Following a recent tax reform, civil law partnerships ("CLPs") will no longer be transparent for tax purposes but will be subject to income tax provided they have both legal personality and a commercial purpose.
In former fiscal years, any entity with legal personality was subject to Income Tax except for CLPs, whose income and gains were directly attributed to their partners and taxed in their hands.
As from 1 January 2016, all CLPs are subject to Income Tax except those with no commercial purposes which remain as flow-through entities. In this regard, on 29 December 2015 the Spanish tax authorities issued an internal instruction to clarify that a CLP is subject to Income Tax only if it has both legal personality and a commercial purpose.

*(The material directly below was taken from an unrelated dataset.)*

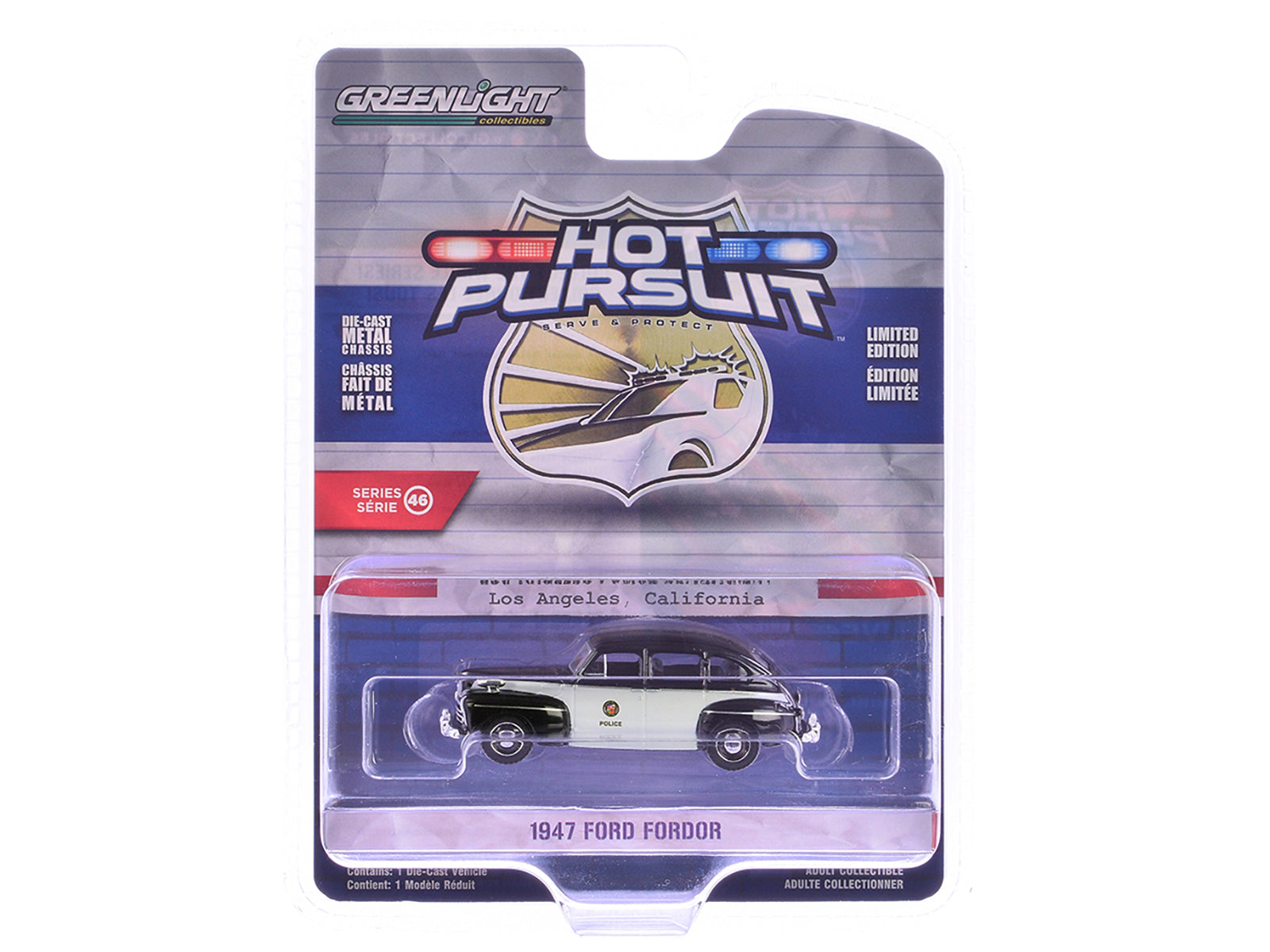 Greenlight 1947 Ford Fordor "LAPD (Los Angeles Police Department)" Black and White "Hot Pursuit" Series 1/64 Diecast Model Car by Greenlight

A CLP acquires legal personality where its articles of association are not kept in secret. The Spanish tax authorities understand that a CLP is deemed to have legal personality if either it is incorporated in a public deed or a CLP formalised in private document applies for a Tax Identity Number.
The Spanish tax authorities consider that all CLPs have a commercial purpose except those engaged in agricultural, farming, forest, mining and professional activities.
Notwithstanding this view, the General Directorate for Tax Purposes ("DGT"), the administrative body which has capacity to issue binding rulings, ruled on 30 July 2015 that a CLP engaged in financial investment with no human or material resources supporting the activity does not have a commercial purpose so it is not an entity subject to Income Tax but a flow-through entity.
Finally, there is a three-part temporary regime regulated in the Spanish CIT and PIT Laws, that deal with the tax consequences of (i) the dissolution and liquidation of a CLP potentially subject to corporate taxation, (ii) the conversion of the CLP into a Limited Liability Company (SRL) as well as a temporary regime for CLPs that wish to comply with the new rules.